# 5” splice for flexible dust collection hose



## nblumert (Oct 15, 2008)

I have 2 sections of 5” flexible dust collection hose that I need to connect together. I cannot find a 5” splice anywhere. I can find them in 4” and in 6”, but not 5”. What are your suggestions, or do you know where I can get what I’m looking for?
Thanks for the help,
Nick


----------



## Kerrys (May 2, 2016)

Would this work?

https://www.amazon.com/Speedi-Produ...d=1518747793&sr=8-2&keywords=5+duct+connector


----------



## woodnthings (Jan 24, 2009)

*You got any coffee cans?*

If they truly don't exist... I donno? but why not think outside the box and find something else that will work? A old style coffee can strikes me as just about the right size. Cut out the bottom with a acn opener. Another size can might work? Take a trip to the grocery store, you may have to buy a can of tomatoes, you can eat them and save the can. Usually heating and cooling sections in the home stores stock snap together steel sections for vents... another source. Hose clamps are available in 6" sizes that will reduce to 5".


----------



## nblumert (Oct 15, 2008)

Thanks for the suggestions guys. Sometimes it takes a little nudge in the right direction. 
Nick


----------



## ORBlackFZ1 (Dec 25, 2013)

nblumert said:


> I have 2 sections of 5” flexible dust collection hose that I need to connect together. I cannot find a 5” splice anywhere. I can find them in 4” and in 6”, but not 5”. What are your suggestions, or do you know where I can get what I’m looking for?
> Thanks for the help,
> Nick


Nick:

Try Rockler. http://www.rockler.com/spiral-pipe-and-fittings-for-dust-collection-system-pipes-and-fittings

Or SpiralMfg.com
http://www.spiralmfg.com/low-pressure-coupling-end-cap/

I have purchased from both sources. The Rockler link is for products made by Spiral Manufacturing. When Rockler doesn't have the Spiral part I need, I order directly from Spiral Mfg. Spiral has done small orders for me in the past.
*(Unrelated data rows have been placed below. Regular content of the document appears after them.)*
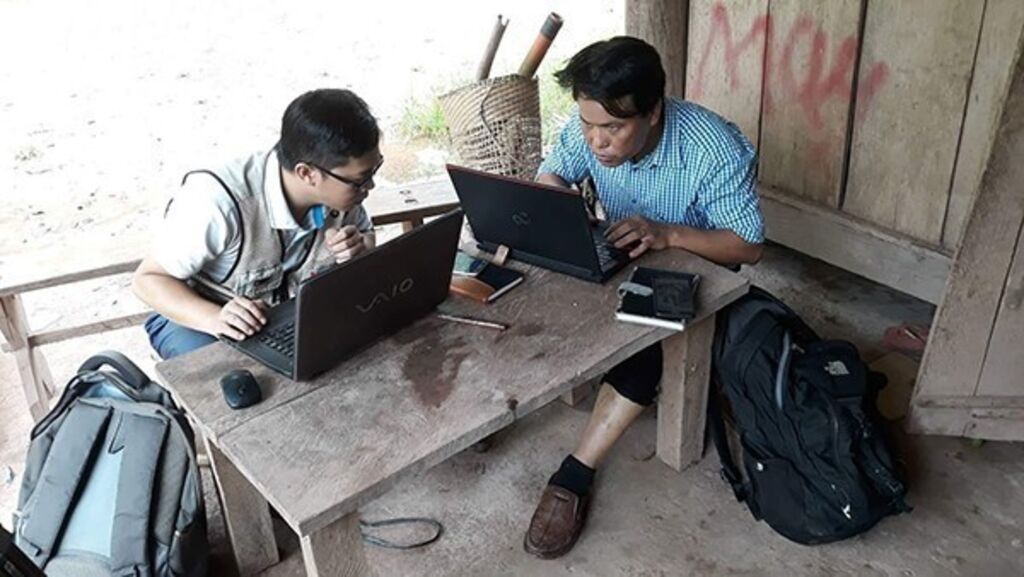 | Des journalistes de l'Agence Vietnamienne d'Information lors d'une mission dans les montagnes du Nord. |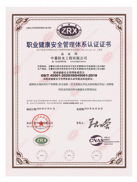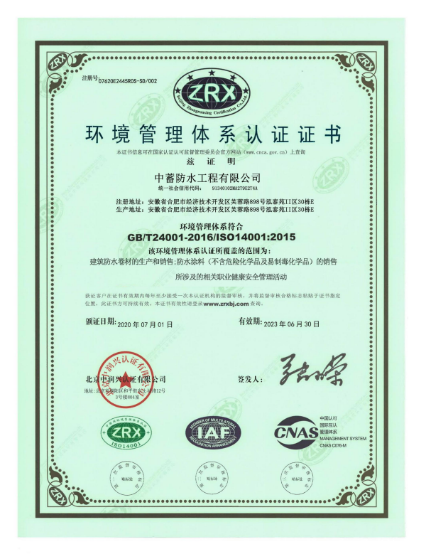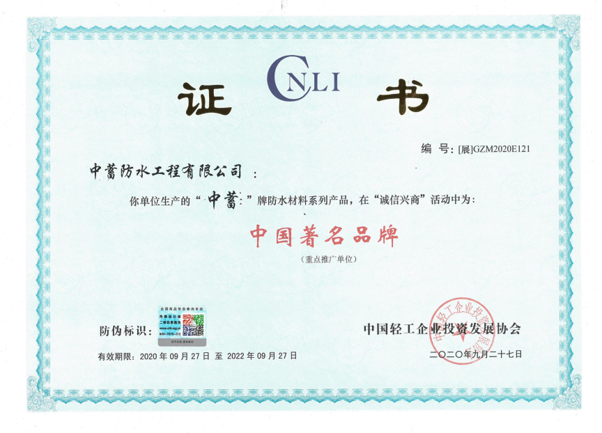 为推动公司长远发展、立足自身品牌,公司相继完成了“中蓄防水”商标注册,在全国“防水之乡”—项城防水产业园,成立河南中蓄新型建材有限公司,成为集防水生产、研发、工程施工、销售服务于一体的综合性服务商。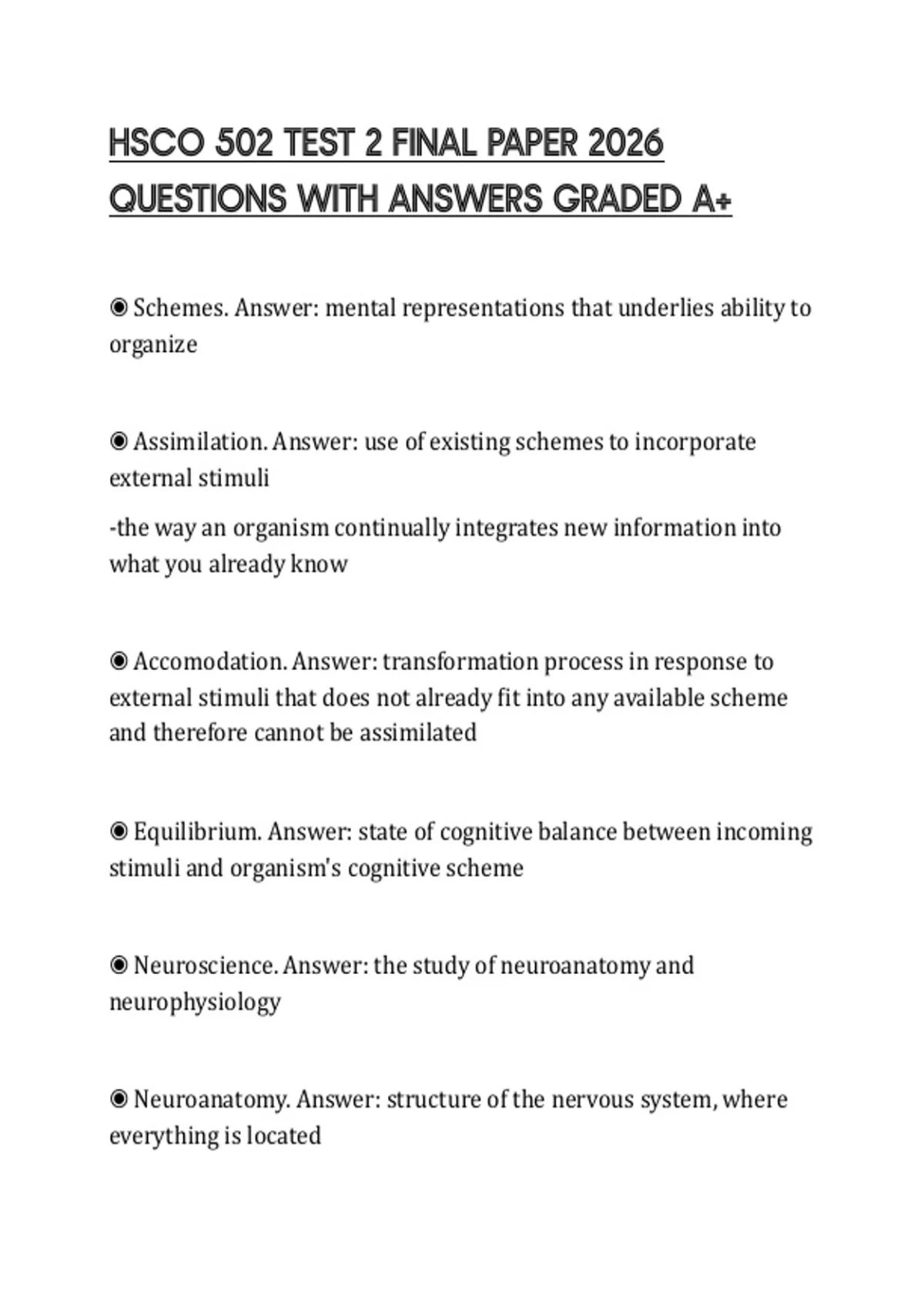 HSCO 502 TEST 2 FINAL PAPER 2026 QUESTIONS WITH ANSWERS GRADED A+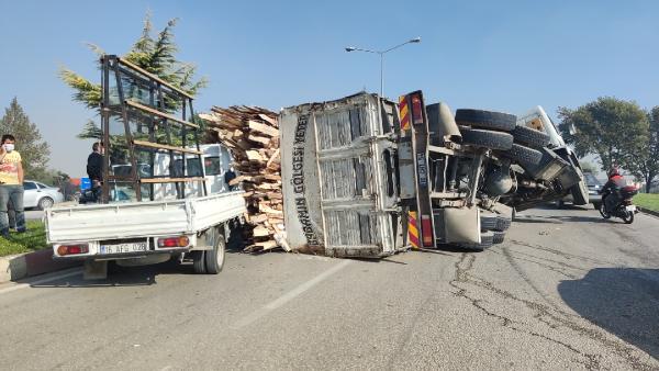 Bursa’dan gelen ve köprülü kavşaktan dönüş yapan İlyas Aktaş (57) yönetimindeki 16 CHT 54 plakalı ağaç yüklü kamyon, kontrolden çıkarak, yanında giden Ferhat Demir’in (35) kullandığı 16 AFG 028 plakalı kamyonetin üzerine devrildi. Kaza sırasında sürücü Demir, kamyonetten son anda inmesi sonucu yaralanmadı. Kazada kamyon sürücüsü Aktaş da yaralanmazken, ulaşımda bir süre aksama oldu.
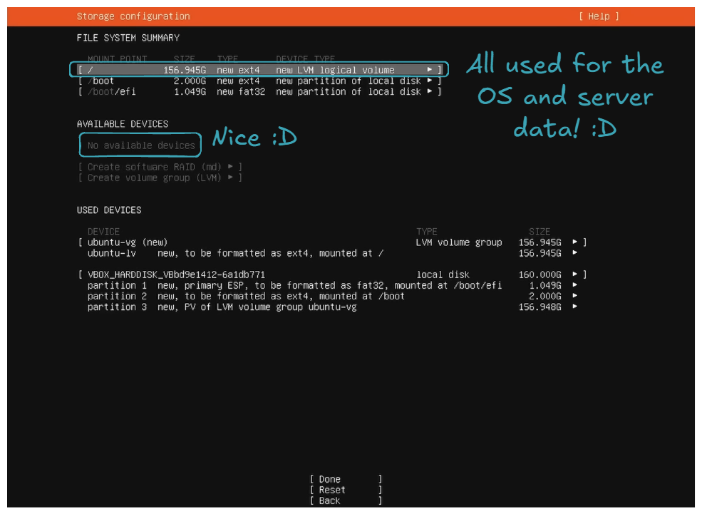 For the storage configuration part, by default, it does not utilize all the disk space. You can see this in the free space field in the DEVICE section: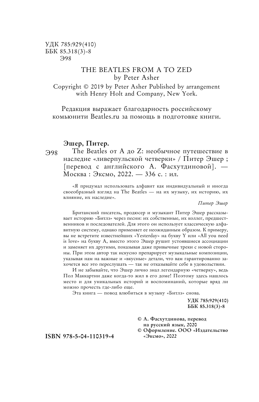 The Beatles от A до Z: необычное путешествие в наследие «ливерпульской четверки» (Эшер Питер); ООО "Издательство "Эксмо", 2020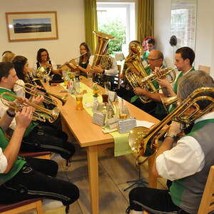Der anschließende Frühschoppen im Gasthaus Mayr, mit Ansprachen, Fotos aus vergangenen Zeiten und der Blasmusik fand bei bester Stimmung statt.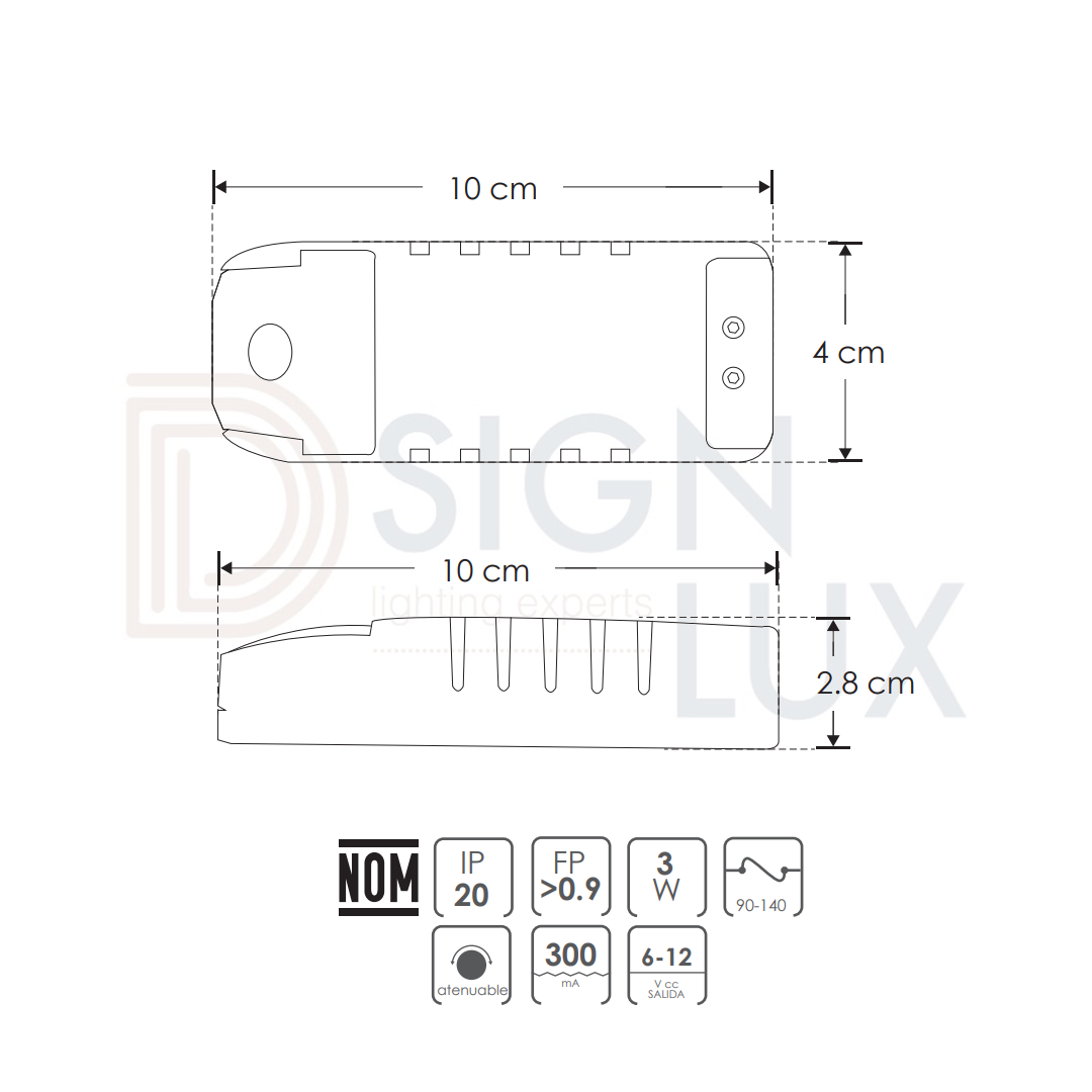 Driver atenuable para luminarios led 3 Watts funciona con atenuadores tipo TRIAC con apagador, nivel de atenuación del 20 al 100%, IP20.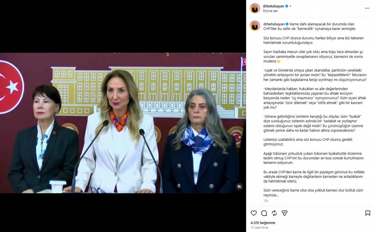 AK Parti Genel Başkan Yardımcısı Fatma Betül Sayan Kaya, "Karne dahi alamayacak bir durumda olan CHP'liler bu sefer de 'karnecilik' oynamaya karar vermişler." dedi.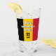 Celebre el Día Nacional de Bélgica con este atrevido y brillante cristal de pinta del 21 de julio, que presenta los tres colores de la bandera nacional belga y la "Fête nationale belge" con elegantes letras blancas. El reverso muestra un diseño idéntico. Diseño © W.H. Sim. Ver más en zazzle.com/expressionsoccasions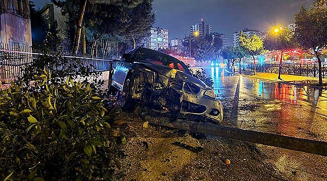 Adana'da direksiyon kontrolünü kaybeden sürücü, lüks otomobil ile otobüs durağına dalıp, aydınlatma direğini ve bir ağacı devirdikten sonra aracını bırakıp, kaçtı.

I just had to call/email them with my requirements.

Eric


----------



## FrankC (Aug 24, 2012)

When I worked in a printing shop we wrapped a strip of a aluminum printing plate around the outside of one end slightly cone shaped so the other end went into the second length, then bound it all up with duct tape. Sometimes a temporary fix would last for years.


----------



## nblumert (Oct 15, 2008)

Thanks for the suggestions, I wish I would have found the spiral manufacturing piece earlier. I found some hvac piping from Home Depot and made 2pieces 8nto 1and made it fit.


----------